Ripristinare le forze interne e l'autostima, il pensiero fortemente positivo, scacciando ogni forma di ansia ingiustificata, questa è la 1° chiave-vincente. Ovvio che per guarire è obbligatorio dedicarsi al recupero della funzionalità epatico-biliare, della funzionalità splenica, pancreatica, intestinale e renale, e questa è la 2° chiave-vincente, realizzabilissima e non proibitiva, a patto di seguire con regolarità-costanza-fiducia le indicazioni e le istruzioni elencate nel mio pacchetto-salute. Chiaro che occorre pure consolidare-fortificare-puntellare l'immunocompetenza, convogliando verso di lei A) Più energia risparmiabile mediante digestioni sobrie e razionali a costo digestivo drasticamente ridotto, B) Tutta la vitamina C naturale possibile, ottenibile da alimenti posti al vertice Angstrom della Scala vibrazionale e radiante Simoneton, da alimenti capaci di offrirti un'aura fortificante al rosso o all'infrarosso, al posto dell'aura debilitante ed assorbente al colore grigio-nero che ti ritrovi al momento, e questa è la 3° chiave-vincente dello schema di recupero. Troppo evidente infine che per cicatrizzare ogni ferita e per uscire in modo definitivo dal tuo presente tunnel patologico serve un sangue sano da formula uno e non una miscela micidiale di grassi e di veleni. Questo si potrà raggiungere in modo facile e diretto, costruendo sangue fluido e puro mediante digestioni semplici e sobrie che rappresentino poi la 4° chiave-vincente, con rispetto dei requisiti di Padre Taddeo da Wiesent-Baviera ("Nessuno al mondo muore di cardiopatie, di cancro, di depressione e di malattie intermedie, ma tutti soccombono e crepano per sangue guasto, ovverosia per sangue grasso e viscoso a difficoltosa circolazione") e con rispetto dei requisiti del grande medico parigino dr Claude Bernard
(Se non modificherai radicalmente il tuo Milieu Interieur, ovvero la tua chimica interna corporale e quindi la formula del sangue, non verrai mai fuori dai tuoi attuali problemi").

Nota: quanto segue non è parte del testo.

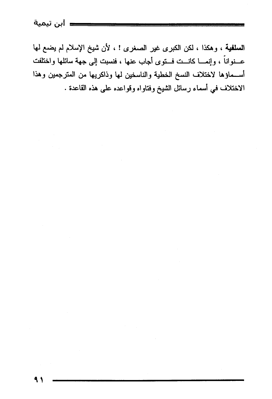 السلفية، وهكذا، لكن الكبرى غير الصغرى! ، لأن شيخ الإسلام لم يضع لها عنواناً، وإنما كانت فتوى أجاب عنها، فنسبت إلى جهة سائلها واختلفت أسماؤها لاختلاف النسخ الخطية والناسخين لها وذاكريها من المترجمين وهذا الاختلاف في أسماء رسائل الشيخ وفتاواه وقواعده على هذه القاعدة.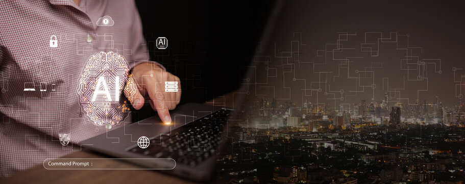 Prompt engineer using artificial intelligence on a laptop, interacting with glowing AI brain interface over a city. Generative AI, command prompts, smart digital technology, and business innovation.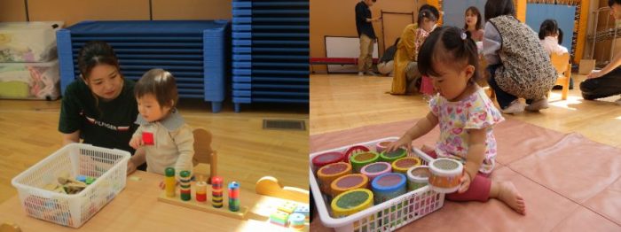 【ちびっこひろばとは??】・・・当園に在園していない1歳児~2歳児のお子様を対象に、月に一度土曜日に園を開放し、お友達と園にある遊具や玩具で遊んだり保育教諭が提供する遊びを楽しむ活動です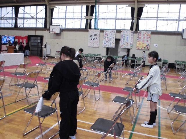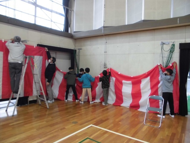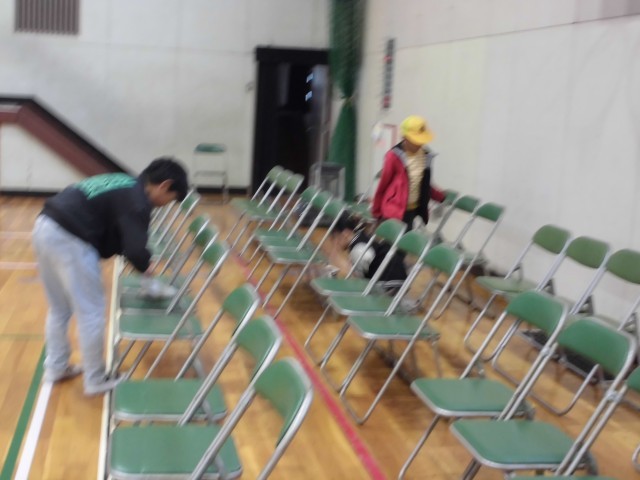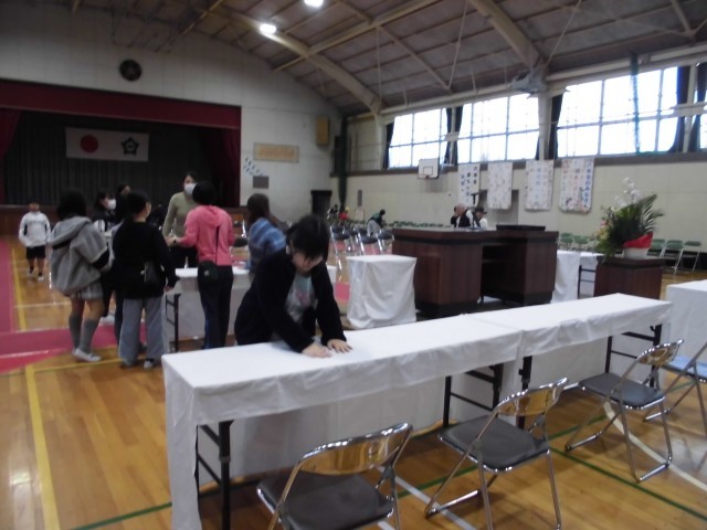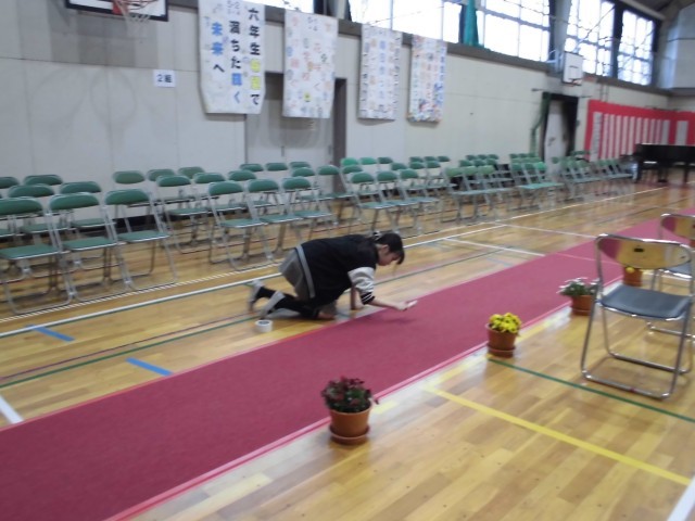今日は、5年生が残って明日の卒業式のための式場準備を行いました。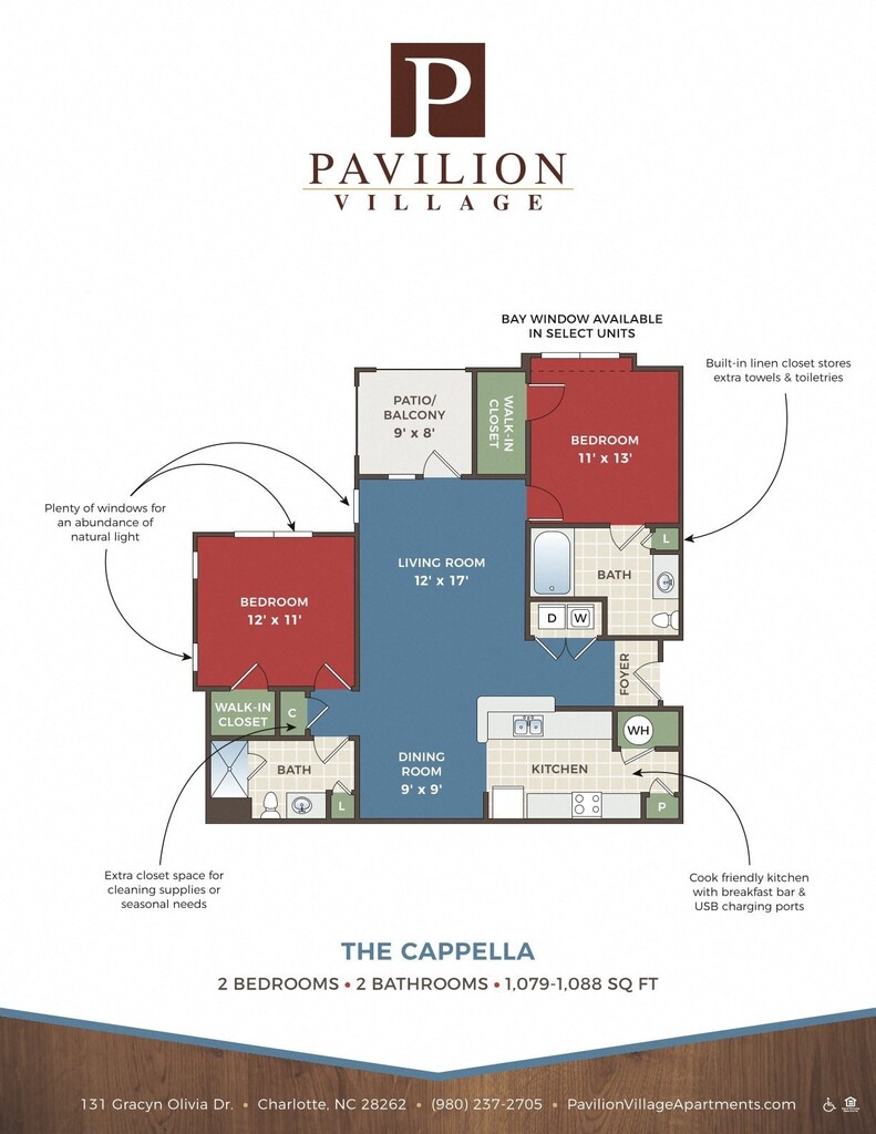 Ya sea que desees relajarte después de un duro día en la oficina o jugar, Pavilion Village en Charlotte, NC, ofrece comodidades que hacen de tu hogar algo más que un lugar para comer y dormir. Nuestros apartamentos no solo son nuevos, sino que también ofrecen toques de diseñador como gabinetes color café. Admitimos mascotas con un parque para perros y una estación de lavado de mascotas. Aprovecha la oportunidad de vivir en uno de los mejores complejos de apartamentos en Charlotte, NC. Imagínate llegar a casa todos los días con el cálido abrazo de un paisaje meticuloso, un hogar cómodo y comodidades pensadas para mejorar tu vida. Ubicado en Charlotte, con fácil acceso a South Tryon Street y la Interestatal 485, Pavilion Village está a solo minutos de Charlotte Motor Speedway, así como de todas las tiendas, restaurantes y lugares de entretenimiento que la cercana Concord tiene para ofrecer. Pavilion Village ofrece a sus residentes una amplia selección de exclusivos apartamentos de una, dos y tres habitaciones que cuentan con comodidades exclusivas para el hogar y la comunidad, como un gimnasio abierto las 24 horas, los 7 días de la semana, una lavadora/secadora en el apartamento y una piscina estilo centro turístico que completan el panorama. Ven a mover los dedos de los pies en nuestra pintoresca piscina, pasea por nuestro complejo que admite mascotas con tu compañero de cuatro patas favorito o pasa un día en la ciudad en las cercanías de Concord. Sabemos que mereces lo mejor en apartamentos y nuestro complejo está diseñado específicamente para asegurarte que no solo alquiles, sino que también vivas. ¡Te invitamos a ver nuestra galería de fotos y a programar una cita, o visítanos hoy y te daremos un recorrido personal!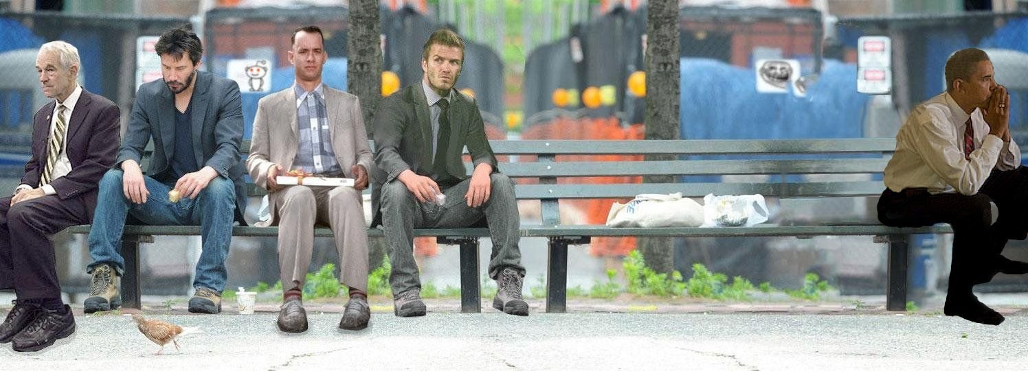 Киану Ривз на скамейке Мем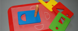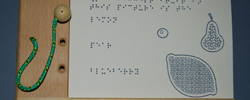 - Educational sets containing various objects (shapes, models) which come with tactile books and helpz understand the relation between objects and drawings, as well as spatial relations represented graphically.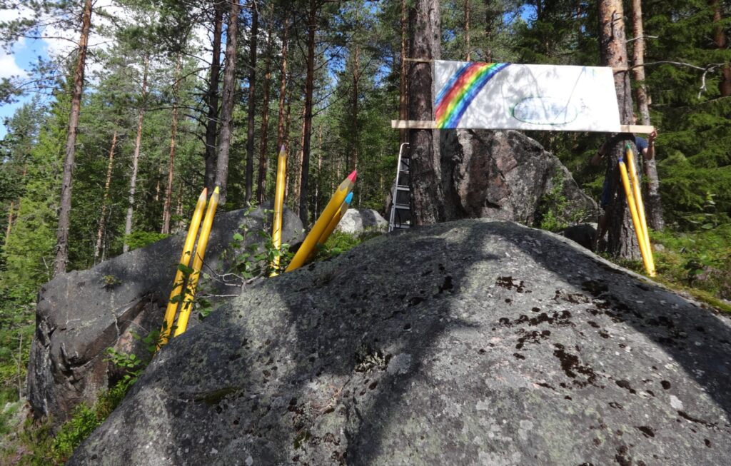 Inspirert av Alf Prøysens vise om blanke ark og fargestifter. Men også reusltat av mange tanker rundt hele prosjektet “Kul Tur Ute”. Det å se nye muligheter og bruke dem i en tid der alt er kortvarig og fragmentarisk. Installasjonen viser en tegnet regnbue og Ringhavet, et lite sirkulært vann i Kongsvingers del av Finnskogen

DIFFERENZE SOSTANZIALI TRA ANSIA E PAURA

Detto queste cose, vorrei parlare dell'ansia, uno stato emotivo caratterizzato dal timore, fondato o ingiustificato, per un evento futuro spiacevole e pericoloso, ma molto spesso campato in aria. Ovvio che se uno vive con le tipiche paure globali di dover lasciare tutto e di morire, il motivo esiste ed è reale, perché il destino umano è quello di nascere, compiere un ciclo esistenziale e andarsene in vacanza oltre le nuvole. Questo tipo di ansia potrebbe avere ragione d'essere se fossimo totalmente atei, materialisti, privi di rispetto per un creatore che ci avrebbe impietosamente e cinicamente messi sul suolo terrestre in modo casuale, privo di possibilità di completamento e di recupero sul piano spirituale, privo dell'esame di riparazione a settembre. Siccome tutti, nel dentro dei di dentro non la pensiamo in questo modo, e crediamo ancor meno ai banali schemi dell'inferno e del paradiso su basi eterne ed immutabili, quel tipo di cruccio esistenziale può anche andarsene.

LA MINACCIA GENERICA MA INCOMBENTE

La paura è comunque diversa dall'ansia, essendo essa diretta a qualcosa di reale e di specifico, non a qualcosa di generico e di non identificato, come nel caso dell'ansia. Le persone ansiose percepiscono una sensazione di minaccia incombente anche in assenza di reale pericolo. L'ansia diviene patologica quando ha conseguenze limitanti sulla capacità intellettiva e sui comportamenti. Gli ansiosi avvertono costantemente il presentimento che sta per accadere qualcosa di grave. A volte sentono di avere una malattia cronica ed inguaribile, o temono che persone care stiano correndo dei grossi rischi. Frequente la paura di perdere l'autocontrollo. Frequente la frustrazione e l'incapacità di rilassarsi. Frequente la somatizzazione su fegato e stomaco di questa costante e spesso gratuita inquietudine.

SINTOMI DI ANSIA

L'ansia produce conseguenze negative  sul fisico e sul morale, come palpitazioni, incapacità di sfruttare la capacità polmonare e quindi la caduta sul respiro corto, tensione muscolare, mali di testa ricorrenti, male di schiena, incapacità di trovare un minimo di armonia e di dialogo costruttivo con se stessi, tremori alle mani, stanchezza continua, gastroenteriti, bocca secca, gonfiori ventrali, scarso appetito, sudorazioni, rossori, allori, stordimenti, vertigini. Con questo non intendo affatto spaventarti. Parlare chiaro a volte aiuta a capire meglio cosa è e chi è il nemico da combattere e da vincere.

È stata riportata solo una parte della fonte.